The SQL type of the indexed metadata key. Allowed values: STRING, INTEGER, LONG, FLOAT, DOUBLE.

Environment variable: QUARKUS_LANGCHAIN4J_ORACLE_METADATA_INDEXES_I__KEYS_I__TYPE

string

STRING

The sort order for this key in the index. Allowed values: ASC, DESC.
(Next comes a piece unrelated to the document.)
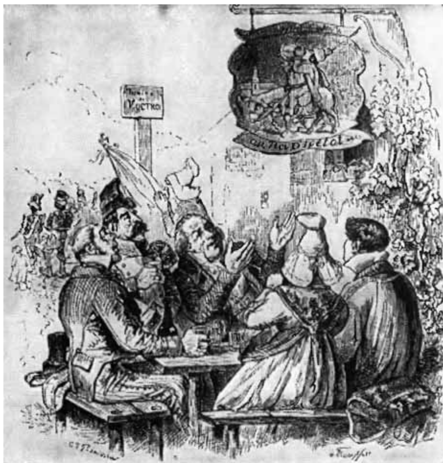
Король Ивето. (Рисунки Гранвиля к песням Беранже.)

Environment variable: QUARKUS_LANGCHAIN4J_ORACLE_METADATA_INDEXES_I__KEYS_I__ORDER

string

ASC

How It Works

The Oracle extension maps each ingested document to a row in an Oracle table. Each row contains:

  • The original text content

  • Optional metadata, stored as JSON

  • The vector embedding, stored in a native VECTOR(*, FLOAT32) column

During retrieval, a similarity search is performed using the native VECTOR_DISTANCE function, optionally accelerated by the IVF index and filtered by metadata when a filter is provided.

The extension manages schema and index creation automatically according to the configured create-option values.

Named Stores

You can configure multiple named Oracle stores, each backed by a different datasource. This is useful when your application needs to manage embeddings for different domains or tenants in separate databases.

To configure a named store, set its datasource and enable it at build time:

quarkus.langchain4j.oracle.products.datasource=products-ds
quarkus.langchain4j.oracle.products.table=product_embeddings

To inject a named store, use the @EmbeddingStoreName qualifier:

@Inject
@EmbeddingStoreName("products")
EmbeddingStore<TextSegment> productsStore;

The default store and named stores can coexist. If you only need named stores, disable the default store:

quarkus.langchain4j.oracle.default-store-enabled=false

Summary

To use Oracle Database as a document store with Quarkus LangChain4j:

  • Use an Oracle Database 23ai instance, which provides AI Vector Search.

  • Add the extension dependency.

  • Configure a datasource.

  • Optionally tune the embedding table, vector index, and metadata indexes.

  • Use QuarkusOracleEmbeddingStore (or inject EmbeddingStore<TextSegment>) to ingest and retrieve embedded documents.